PROBLEM DETAILS: The listing must be copied out in full and exactly; no images go with it.

SUPPLIED MATERIAL:
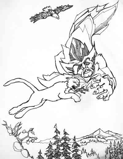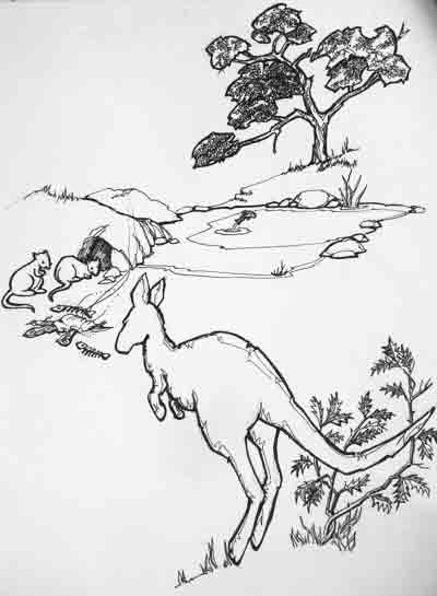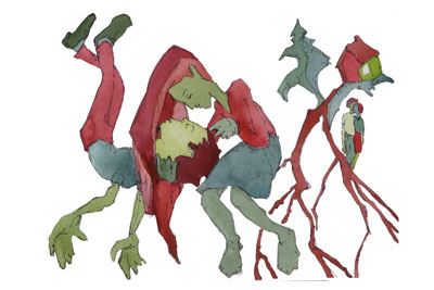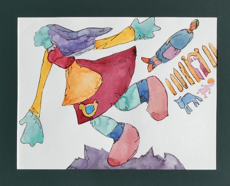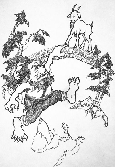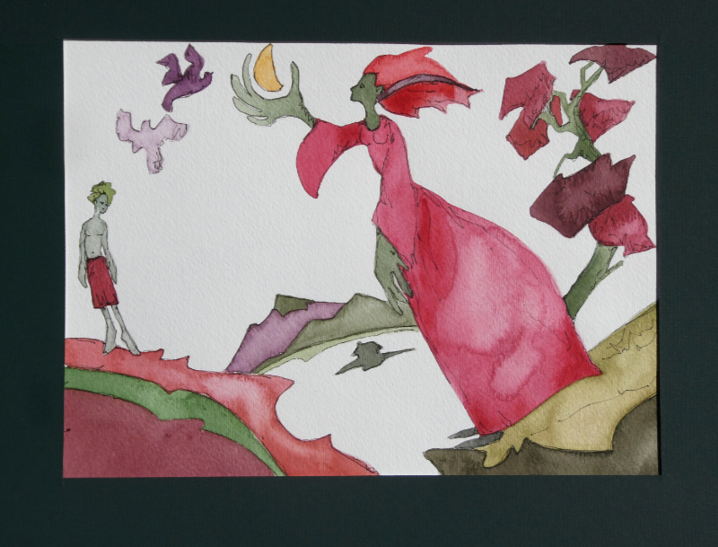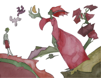 These illustrations were commissioned by a publisher for children’s books and appeared with stories of tricksters and quests. The original drawings are available from Theo for $50+postage each, or else the cost of postage and your own equivalent direct donation to Doctors without Borders.
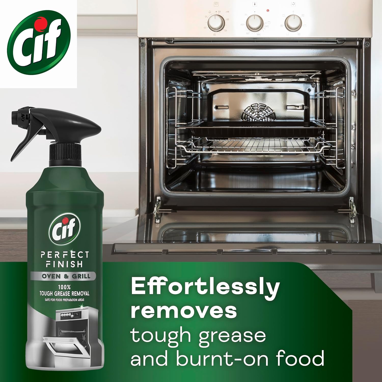 Restore the sparkle of your ceramic and stainless-steel oven from the inside out with Cif Perfect Finish Oven & Grill Specialist Cleaner Spray
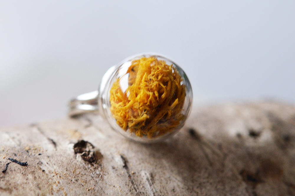 Globul din sticla contine muschi natural de culoare galben - mustar.

ANSWER BELOW:
 These illustrations were commissioned by a publisher for children’s books and appeared with stories of tricksters and quests. The original drawings are available from Theo for $50+postage each, or else the cost of postage and your own equivalent direct donation to Doctors without Borders.
 Restore the sparkle of your ceramic and stainless-steel oven from the inside out with Cif Perfect Finish Oven & Grill Specialist Cleaner Spray
 Globul din sticla contine muschi natural de culoare galben - mustar.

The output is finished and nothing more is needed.